Robots.txt - What Do You Recommend?

Hi,



What excludes / includes should we use in our robots.txt ?

Here's a great article on an SEO optimized robots.txt file: What Is A Robots.txt File? Best Practices For Robot.txt Syntax - Moz

This issue has been discussed in several different threads over time. Suggest you do a search in the forum for robots.txt.

1 Like

hi,



this post may help



best regards,

WSA team

Do note that if your site is properly configured (I.e. Apache noindex set) then standard directories that are not referenced by html anchor tags (links) will not be traversed by a robot since they won't be able to see them. So things like var, app, etc. are not needed to be specified in robots.txt. You should rely on Apache to restrict access to your site to your index.php, admin.php, vendor.php (in the case of multi-vendor) and api.php. Unless you want your images directory published, you should not allow access to it either.



As an example, notice that when someone requests /sitemap.xml, the actual site map is stored off in the var directory. But it is the application that deals with the request and returns the resulting data even though the actual /sitemap.xml file doesn't exist.



Robots.txt is only used when an anchor tag is encountered to determine if the robot should be advised they are forbidden from going there. Also note that robots.txt is completely advisory and compliance with the directives is completely voluntary. Hence some robots will completely ignore the robots.txt file. So DO NOT USE robots.txt FOR SECURITY. It is not a way to secure your data.
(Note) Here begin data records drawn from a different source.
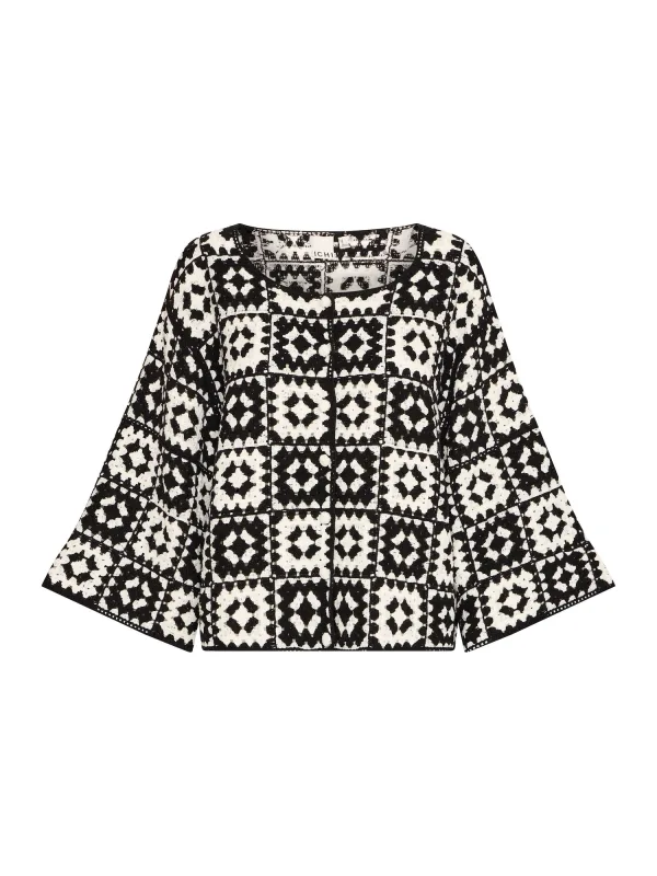 ICHI Gebreid vest ‘Bandie’ beige / zwart Prijzen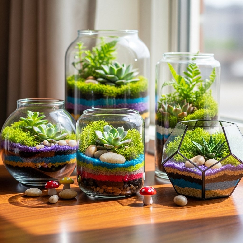 Terrariums and glass containers offer a creative way to display indoor plants while keeping maintenance low. Succulents, moss, and small ferns look stunning in clear glass jars, bowls, or geometric terrariums. These arrangements allow you to see the soil, rocks, and layers, adding texture and dimension to your decor. Terrariums are compact, perfect for desktops, shelves, or coffee tables. They combine natural beauty with artistic presentation, making them ideal conversation pieces.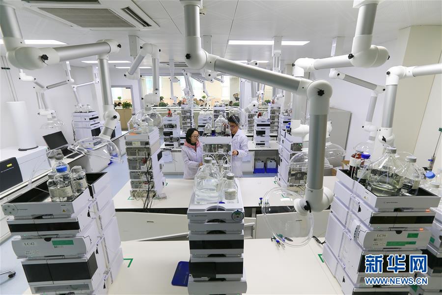 在綠葉制藥集團的研發(fā)中心,實驗人員進(jìn)行樣品分析(11月15日攝)。新華社記者王南攝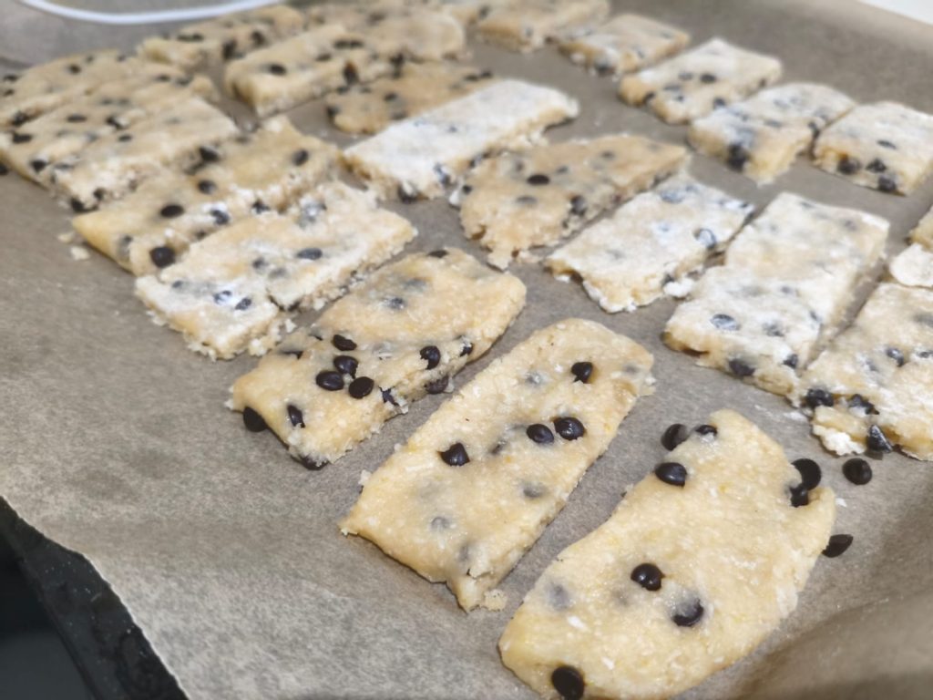 Corte com uma faca as tiras em grandes biscoitos e coloque-os em uma assadeira com papel manteiga.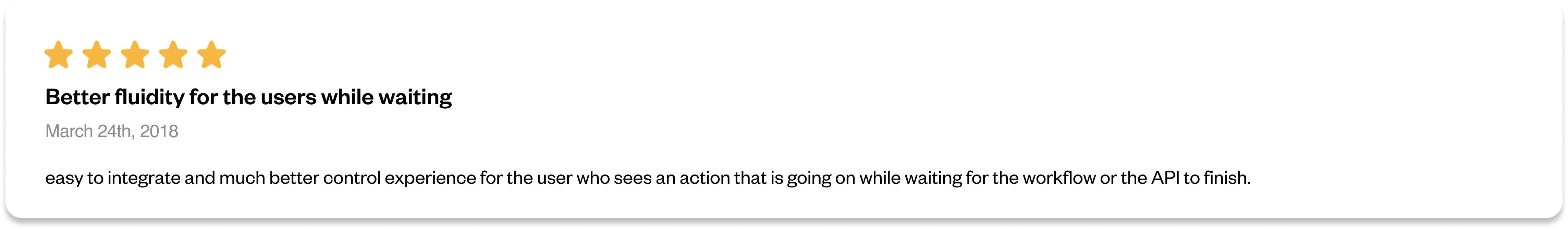easy to integrate and much better control experience for the user who sees an action that is going on while waiting for the workflow or the API to finish.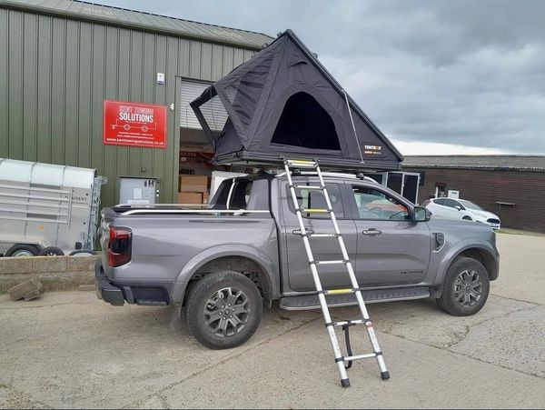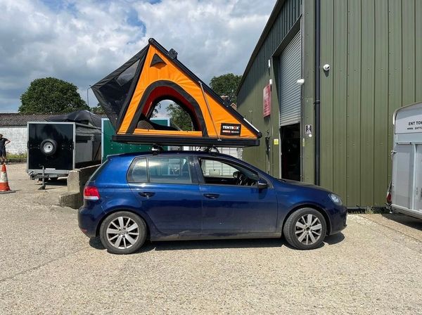The GO is a lightweight, stripped-back roof tent, designed by TentBox to be affordable and versatile. It comfortably sleeps two people on a stretched fabric bed.

The goal is to have access to areas of your site that are accessible through the application itself (I.e. returned via html). Robots.txt should be used to tell robots you don't want them going to various links because they will create duplicate content or because those areas are not intended for general public access (like login pages, download links, search pages, etc.).

[quote name='tbirnseth' timestamp='1436646328' post='222579']

Do note that if your site is properly configured (I.e. Apache noindex set) then standard directories that are not referenced by html anchor tags (links) will not be traversed by a robot since they won't be able to see them. So things like var, app, etc. are not needed to be specified in robots.txt. You should rely on Apache to restrict access to your site to your index.php, admin.php, vendor.php (in the case of multi-vendor) and api.php. Unless you want your images directory published, you should not allow access to it either.



As an example, notice that when someone requests /sitemap.xml, the actual site map is stored off in the var directory. But it is the application that deals with the request and returns the resulting data even though the actual /sitemap.xml file doesn't exist.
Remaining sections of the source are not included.